In the story for children, I used the storytelling technique of becoming the universe itself and telling “my” story, my “autobiography.” Illustrator Dana Andersen powerfully and evocatively brings the story to life (see Artist of the Month). As told in Born with a Bang: The Universe Tells Our Cosmic Story: “Like you, I started as a tiny speck. About 13 billion years ago, or so, I was smaller than a piece of dust under your bed. It’s hard to imagine that I started out so small. But I did. . . . Like you, I couldn’t stay small. I was bursting with wild and dazzling dreams . . .” My life as a universe, I explained, was one of both chaos and creativity. Time after time I nearly perished, but somehow I turned disaster into opportunity and created even more interesting, complex forms.
Born with a Bang ends with the formation of the Earth, “a burning red ball of molten stardust.” The second book, From Lava to Life: The Universe Tells Our Earth Story picks up my experience of how hot oceans and naked earth became the home of bacteria . . . jellyfish . . . flowers . . . dinosaurs! The second book ends when a huge meteor smacks into Earth and every single dinosaur sinks into extinction. Mammals Who Morph: The Universe Tells Our Evolution Story takes the tale from there with the amazing story of mammals.

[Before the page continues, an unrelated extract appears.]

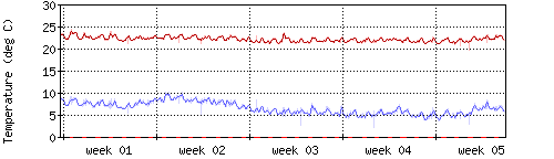 Die rote Kurve zeigt die Innentemperatur,die hellrote Fläche zeigt den Bereichh zwischen höchster und tiefster Temperatur während des Messzeitraums. |
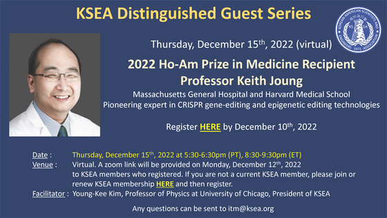이번 온라인 행사에서 정 교수는 자신의 주요 연구 분야인 크리스퍼 유전자편집과 후성유전체편집 연구개발에 대해 강의할 예정이다. 이어 한인 2세로서의 성장 과정과 과학자가 되기까지의 여정 또한 공유한다.

Dr. Swimme tells the story through amazing photography. “What gave birth to all this beauty?” he asks. “What was the creativity that brought this about?” Charged with wonder, he challenges us to open our eyes and see unbroken ancestral relationships through deep time—all the way back to the very beginning—and to see the self-organizing capacity of the universe that gave birth to . . . us.
Life was not an accident, Swimme asserts. It naturally came forth out of the patterning within matter—a “life-generating universe.” It was bound to happen, he says. He quotes the famous quantum physicist Freeman Dyson who said, “The more I study the universe, the more I see that the universe must have known we were coming.”
With amazing images, Swimme explains how energy poured forth, swirled, and transformed into more complex forms with deepening interiority, or awareness. When life emerged, a huge leap in complexity and subjectivity took place. Life could now make the distinction between “self” and “other” . . . and could learn, adapt, and make decisions. Swimme emphasizes that everything has its roots in what came before—and that awareness is no exception. He traces the lineage of awareness back to the self-organizing capacity of the universe itself.
And in what mysterious and amazing ways the universe organized itself! For example, life can only exist within a narrow temperature band. Over the last 4 billion years since life began on earth, the sun’s temperature has increased by 25%, but earth found a way to lower its temperature, thus keeping a climate conducive to life. How? By taking carbon out of the atmosphere. “Is all of this being organized so life can flourish?” Swimme asks.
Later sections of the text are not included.